We hear quite a lot about social capital at the moment. To some extent, this is probably old wine in a new bottle: people now say “social capital” where once they might have said “community” or, more simply, “neighbourhood”. But much as I think the old wine is a classy vintage, I also think that the new bottle really does add a bit of value. In wine-lovers’ terms, to extend the metaphor, I am more inclined to the Australian or Chilean view of things than the European. What is new about the concept of social capital is that it asks us to view a whole range of social connections and networks as a resource, which help people to advance their interests by co-operating with others.
The relationship between social capital and lifelong learning is one area where this approach can start to make sense. There is a well established debate over community and education, and during the 1970s this discussion increasingly started to explore learning in adult life and not just in schools. What we still know very little about is the way that people’s networks affect their access to learning. In other words, how do our social networks help us to create and exchange skills, knowledge and attitudes that in turn allow us to tap in to other benefits? If we have more social capital – stronger and more extensive network ties – then are we more likely to learn new things than people with less social capital? And is our learning affected by the types of network that people have – are networks qualitatively different in nature?
These questions stand at the heart of our conception of the learning society. Essentially, they ask us to consider whether some social arrangements are better than other at promoting learning – and some, conversely, may be less good at promoting learning. They also allow us to consider whether some social arrangements promote some types of learning but not others.
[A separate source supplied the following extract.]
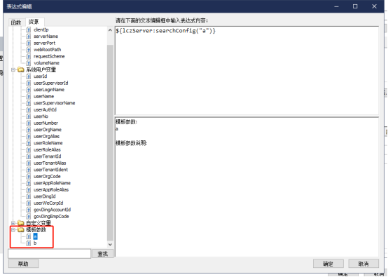添加的参数在前端不作显示,可用于模版被链接时接收外部传参,添加后的参数在模版内表达式编辑器【资源】中显示相应【模版参数】,表达式为${lczServer:searchConfig(“变量名称”)},如下图所示。

Because social networks and learning are both desirable resources – they both help us to enjoy other benefits (including the sheer pleasure of learning something new or extending our friendships) – these questions may also help us to think in new ways about economic development and social cohesion.
The relationship between social capital and human capital has attracted considerable interest ever since the first publication of James Coleman’s seminal paper (Coleman 1988). Coleman demonstrated that schoolchildren’s performance was influenced positively by the existence of close ties between teachers, parents, neighbours and church ministers. This insight has subsequently been explored in some depth through both a series of replication studies and studies using other approaches (Field 2003). Various studies examine the role of networks in the economy, focussing on two main topics: processes of innovation and knowledge exchange (eg Maskell 2000); and patterns of job search and labour recruitment (Field 2003, 51-3. Only recently has the focus turned to the role of social capital in processes of skills acquisition and improvement among the adult workforce (e.g. Green et. al. 2003).
The concept of social capital is generally used to refer to the resources that people derive from their relationships with others. According to Robert Putnam, the best known author on this topic, social capital is built particularly effectively through civic engagement, which appears to be more or less synonymous with active citizenship. Like Alexis de Tocqueville in the 1830s, Putnam today sees active citizenship as an important source of social capital because it is the main way in which people - particularly those who are strangers to one another - experience reciprocity through their pursuit of shared objectives. This in turn helps to create a dense web of networks underpinned by shared values and producing high levels of social trust, which in turn foster further cooperation between people and reduce the chances of malfeasance (Putnam 2000). The concept of social capital is not without its weaknesses, but its potential as a heuristic device, as well as a growing body of persuasive empirical evidence around the concept, have helped make it one of the most influential in the social sciences in recent years.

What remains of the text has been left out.